EXERCISE OBJECTIVE - The entire listing, reproduced exactly and stripped of images, is the expected output.

INPUT DATA -
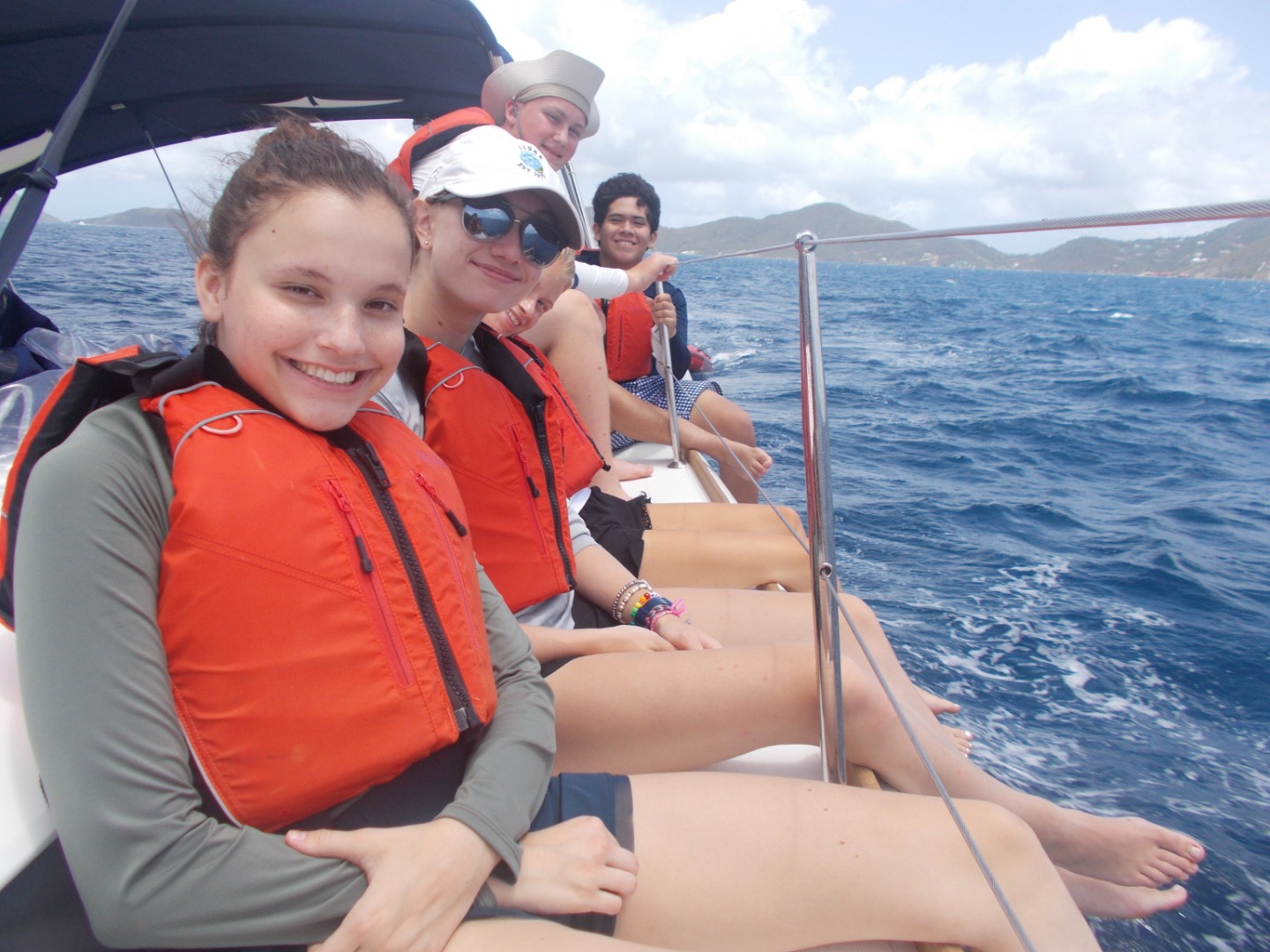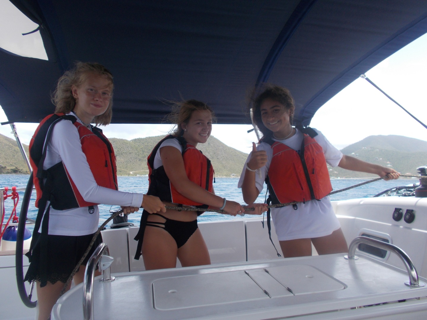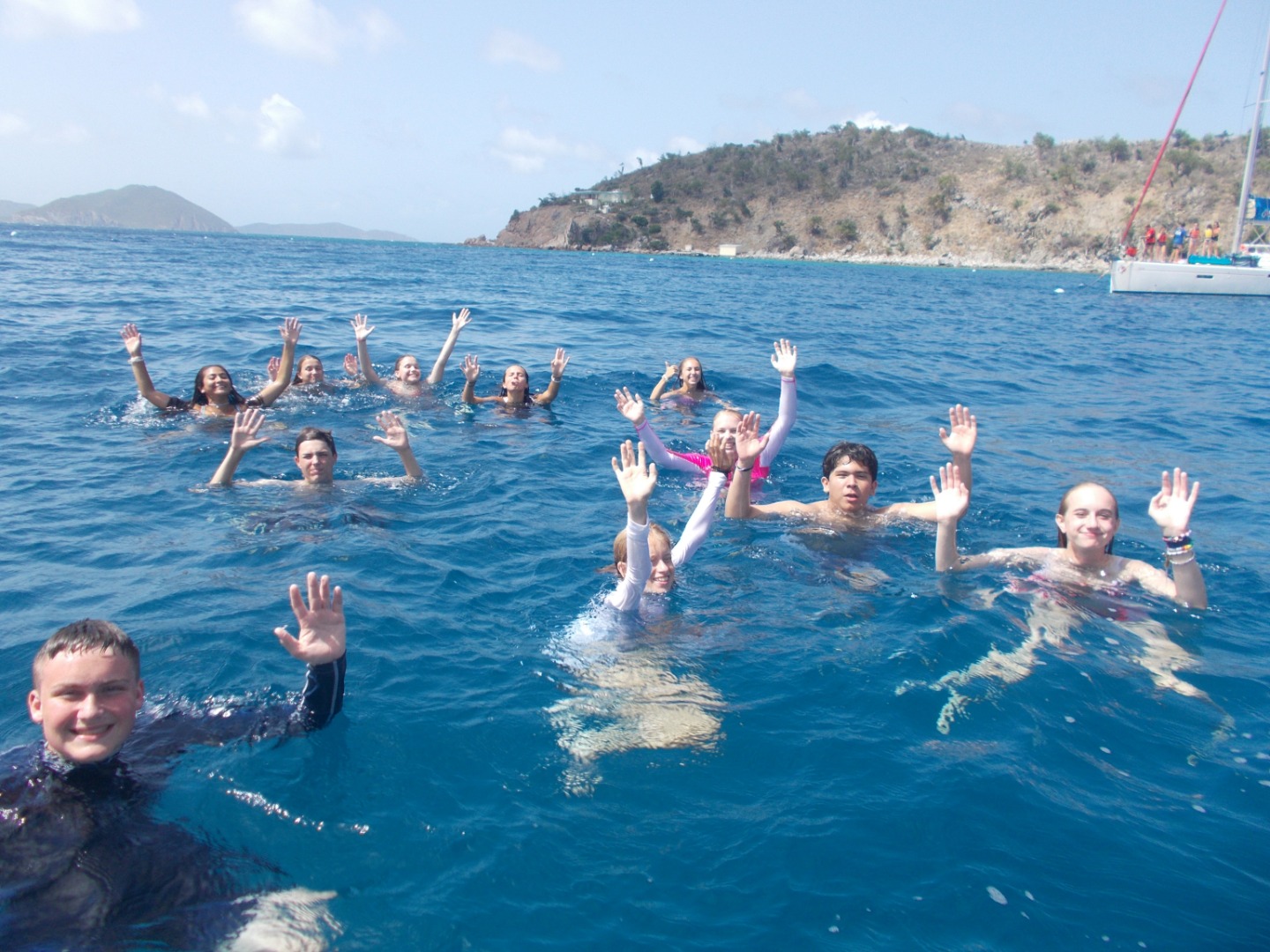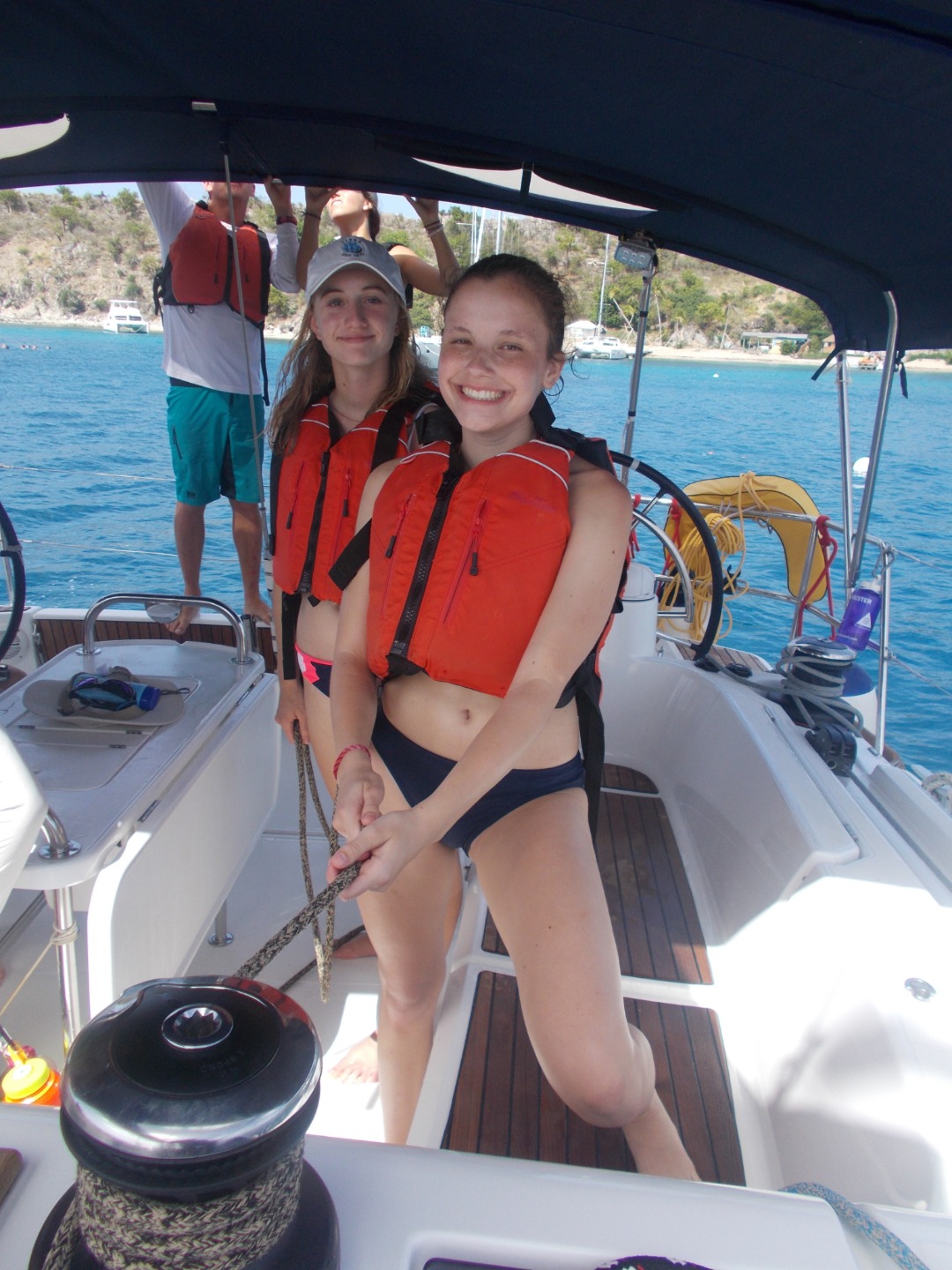 My first job today was the challenge of getting the boat off of the dock. After we got out of the marina, we put up our sails for the first time to head to our first destination: Cooper Island, led by our navigator Emma. After three hours of constant tacking and learning had to sail, we got to Cooper Island and had a swim test, which was to swim six laps around the boat and tread water for 10 minutes. After we had peanut butter and jelly sandwiches for lunch and saw a huge sea turtle! Then we continued sailing to our final destination, Savanna Bay, where we will eat sloppy Joe’s and learn about our scuba gear and get ready to start diving tomorrow.
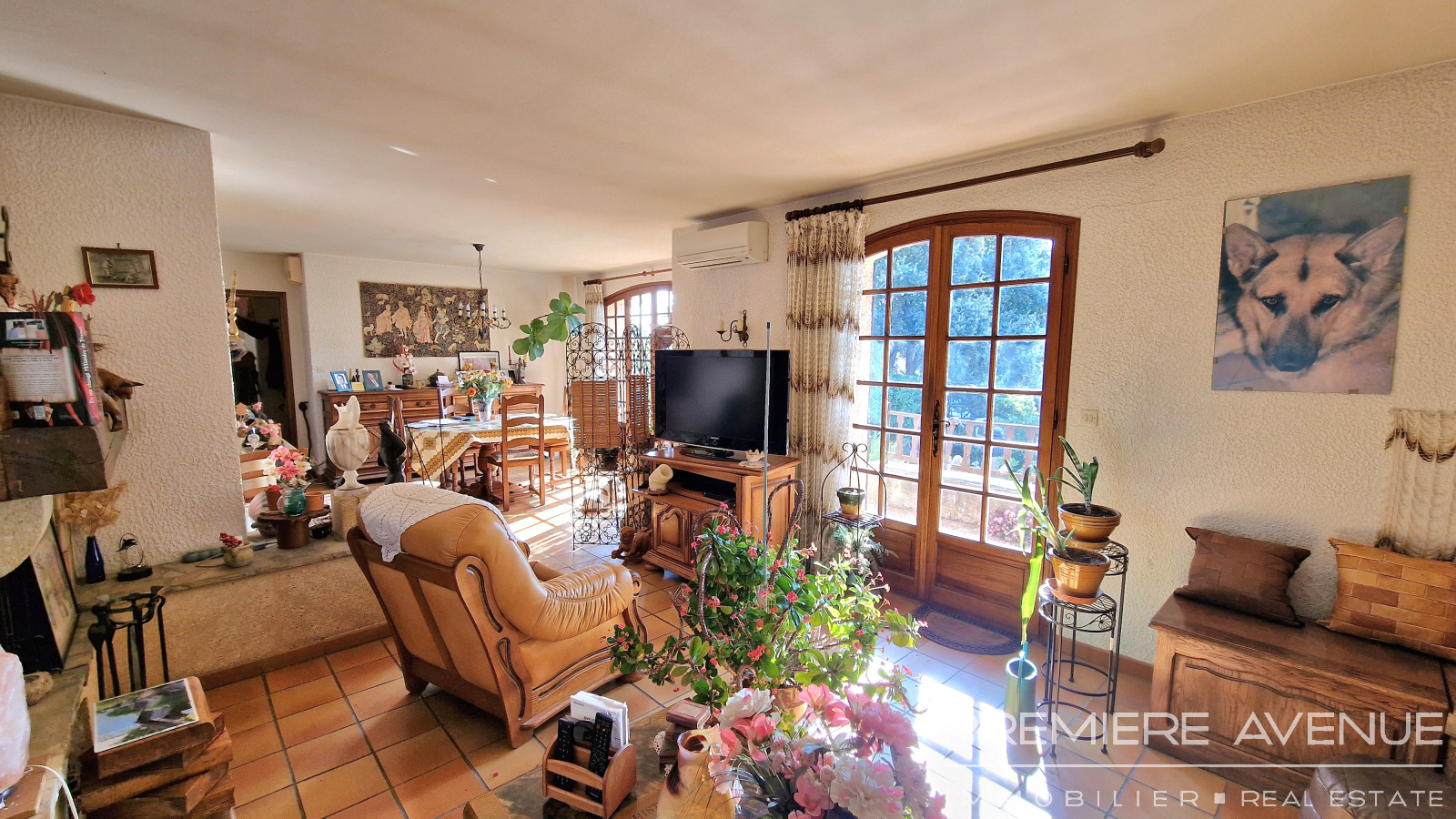 Le séjour lumineux orienté sud d’environ 36 m² bénéficie d’un aperçu mer, tandis que les quatre chambres, dont deux à l’étage avec vue mer, assurent un confort optimal.
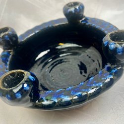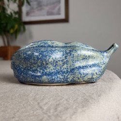 Pumpa Handgjord Skulptur Keramik Blå Kristallglasyr Signerad
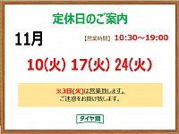 11月 定休日のお知らせ

SOLUTION TO THE PROBLEM -
 My first job today was the challenge of getting the boat off of the dock. After we got out of the marina, we put up our sails for the first time to head to our first destination: Cooper Island, led by our navigator Emma. After three hours of constant tacking and learning had to sail, we got to Cooper Island and had a swim test, which was to swim six laps around the boat and tread water for 10 minutes. After we had peanut butter and jelly sandwiches for lunch and saw a huge sea turtle! Then we continued sailing to our final destination, Savanna Bay, where we will eat sloppy Joe’s and learn about our scuba gear and get ready to start diving tomorrow.
 Le séjour lumineux orienté sud d’environ 36 m² bénéficie d’un aperçu mer, tandis que les quatre chambres, dont deux à l’étage avec vue mer, assurent un confort optimal.
 Pumpa Handgjord Skulptur Keramik Blå Kristallglasyr Signerad
 11月 定休日のお知らせ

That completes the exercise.